Think about how this will run.  First the producer will run and produce N items, and during this time, the consumer will start and consume some. 

 

Either way, it works fine, and if the producer and consumer vary in speed, the system keeps them in balance.  Study the output printed after the code to see this happening.

 

Semaphore and mutex system calls

Since semaphores and mutex mechanisms used in user code involve blocking, they must enter the kernel and thus involve system calls.

 

POSIX (portable across UNIX variants) with sem_init, etc. other has sema_init(), etc.  See man pages., use in producer-consumer program on handout

 

Win32: CreateSemaphore, WaitForSingleObject, ReleaseSemaphore

            CreateMutex, WaitForSingleObject, ReleaseMutex

               

Note on Tan., p 131.  Note this discussion is about user-level threads, not kernel-supported threads.  User-level threads cannot use simple spin locks because they have no preemption capability, unlike kernel-supported threads.  To fix this, a call to the user-level thread scheduler is added to the spin-lock code to prevent the waiter from just spinning forever.

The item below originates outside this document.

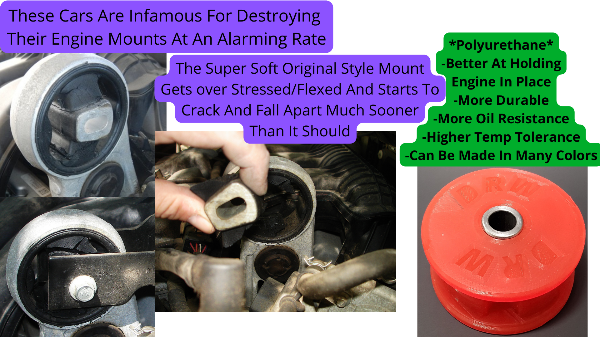 Now there is an upgraded Polyurethane Rubber option that will hold the engine in place much better, and have a much longer service life. These are not as hard as a normal "race" polyurethane mount that you may be familiar with. These are made of 70A Shore Hardness polyurethane which is softer than the 80-95A that most polyurethane mounts are made of. The 70A is a happy medium that is more firm than the original mount, but is not so hard that it transfers a lot of engine vibrations into the cabin of the car. Although there may be a slight increase in vibration at certain RPMs, it will be nothing compared to the engine slamming with a worn original style mount.

If you want, just ignore user-level threads, so this whole page.  You can drop the “call thread_yield” in Fig. 2-25 and get workable mutex for kernel-supported threads, but usually better to use semaphores and use blocking instead of spin waits.

 

Monitors  (from English word monitor, meaning a kind of guard person, like a lunch monitor in grade school)

 

Think of a picture of stick-figure guard attached to piece of code with a stop sign, one thread inside, others waiting their turn outside.

 

A monitor is a language construct (dating from 1974) that sets up mutex protection for its encapsulated code, and also helps with necessary blocking actions.  Just skip the pidgin Pascal coverage and let’s cover the Java case.  Java supplies a built-in mutex, usually not in active use, in each object.  We can use the synchronized keyword on methods of the class and then the mutex will start being used to ensure that only one of the methods is currently being executed at each point in time, i.e.., turn the class into a monitor.

 

Tanenbaum’s code on pg. 141 uses a monitor in class “our_monitor”, but it uses open-coded queues like hw1 provided code. Also it doesn’t use semaphores for process coordination. We want to use proper Queues in Java.

 

private class Monitor0 {

    private static int N = 10;

    // How to set up a Queue in Java—Queue interface, LinkedList concrete class

    private Queue<Integer> buffer = new LinkedList<Integer>(); 

 

    public synchronized boolean insert(int val) {

          if (buffer.size() == N)

                return false;  // fail if full 

          buffer.add(val);  // add to end, i.e. enqueue

          return true;

    }

    // return positive number, or -1 if nothing is there

    public synchronized int remove() {

          int val;

          if (buffer.size() == 0)

                return -1;  // fail if empty

          val = buffer.remove(); // remove from front, i.e., dequeue

          return val;

    }

}

 

 

With this implementation, two concurrent inserts or removes or both can’t happen, so the queue data structure  (a LinkedList) should stay unbroken in spite of multithreaded execution.  Note that LinkedList is not itself synchronized, so concurrent access to it can break it. A synchronized version can be created using the following JDK method of Collections:

public static <T> List<T> synchronizedList(List<T> list)

 

 

With the Monitor0 implementation above, two concurrent inserts or removes or both can’t happen, so the queue data structure should stay unbroken in spite of multithreaded execution.  Providing simple mutex is the crux of synchronized methods.  Each object with synchronized methods has a hidden mutex variable ensuring that only one thread is executing any of its synchronized methods at once.

 

But the caller only gets an error return for a full or empty buffer.  What are they supposed to do, spin??  Clearly they want to block so as not to waste CPU—that’s the full producer-consumer program.

 

See $cs444/ProdConsSemaphore1.java for a version of the full program that uses Monitor0.  Monitor0 can be replaced by a JDK-generated synchronized LinkedList:

Collections.synchronizedList(new LinkedList<Integer>())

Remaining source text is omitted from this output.